Backstabbing for Beginners:
Page 36
This meant that the French bank had to lie to the UN about the real source of funding for the oil purchase, thereby breaching the terms of its contract with the world organization, which obliged it to disclose the identity of buyers. The request even violated the BNP’s internal rules. But the BNP had no problem with Rich’s request.
The oil would go to a “do-gooder.” Kaspereit’s self-anointed title was chairman of the Society for Support of Iraqi Children. Thanks to his help, Iraq’s children saw $1.83 million that might have gone to humanitarian aid vanish into the pockets of Saddam Hussein, via a Jordanian bank account. It is perhaps ironic that it also made Rich, a pro-Israel financier, and Kaspereit richer at these same children’s expense.
Given Clinton’s involvement in pardoning, I began to wonder why the Bush administration didn’t jump on this opportunity to discredit the Clintons and the Democrats. Claudia Rosett, the first and best-informed investigative reporter working the Oil-for-Food scandal, had revealed the full extent of the link and given the White House a clear opening to score points in the run-up to the 2004 presidential election. But soon it became clear that the story involving Rich could not be exploited for political gain against the Democrats without boomeranging on the White House itself. Rich’s former lawyer in the United States had been none other than Scooter Libby—Dick Cheney’s chief of staff—who was by then being investigated for having leaked the name of CIA official Valerie Plame, whose husband had criticized the administration’s WMD claims before the war.
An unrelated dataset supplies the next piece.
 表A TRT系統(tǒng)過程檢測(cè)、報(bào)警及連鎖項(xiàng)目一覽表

The more Saddam’s secret list was studied, the more power brokers from all sides of the political spectrum feared becoming entangled. And for good reason. The threads that spread from Saddam’s secret list seemed endless.
Soon it was revealed that during the sanctions years, Cheney, the former CEO of Halliburton, America’s supersized oil and war-effort contractor, had also been involved with Iraq’s oil industry. Halliburton wasn’t named on the Al-Mada list. But as reporters dug deeper, they realized there had already been news coverage of the company’s dealings with Iraq under the Oil-for-Food program. A 2001 Washington Post article by Colum Lynch cited confidential UN records and oil-industry executives saying Halliburton held stakes in two firms that signed contracts for more than $73 million to provide Iraq with oil-industry spare parts. Employees at Halliburton confirmed to Lynch that they were “certain Cheney knew about these Iraqi contracts.”
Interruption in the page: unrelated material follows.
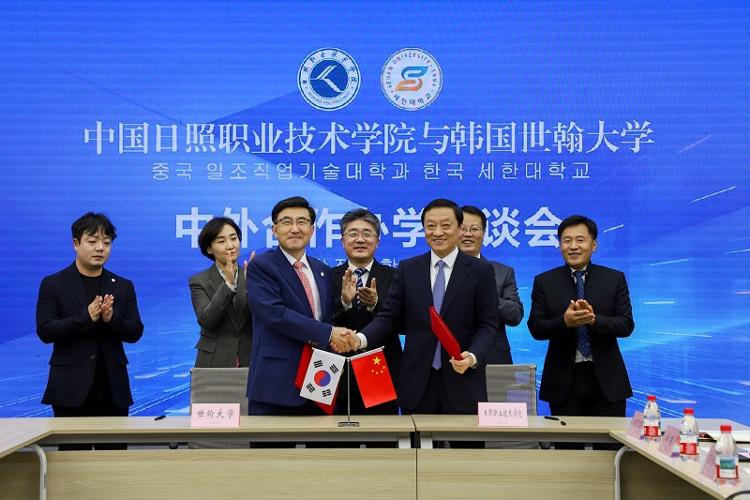 10月24日,日照职业技术学院在天润楼一楼会议室举行与韩国世翰大学中外合作办学座谈会。世翰大学名誉校长李昇勋、国际交流院院长李银嬉、国

In 1998 Halliburton bought Dresser Industries, which exported equipment to Iraq through French affiliates from 1997 to 2000. There was nothing illegal about trading with Iraq under the Oil-for-Food program. But had the contracts included the usual kickbacks for Saddam? Or had Halliburton been holier than the 2,400 companies found guilty of participating in the illegal kickback scheme?
To be sure, the vice president was not interested in finding out the answer. Such kickbacks are routine, and it is doubtful that Cheney had any direct involvement in such a minor transaction. But increasingly, the Oil-for-Food debacle became less and less popular with the Bush administration. The U.S. coalition raided Ahmad Chalabi’s house in Baghdad and made off with records that he claimed were related to his Oil-for-Food investigation. Paul Bremer, the U.S. proconsul in Baghdad, also stopped funding for the KPMG investigation.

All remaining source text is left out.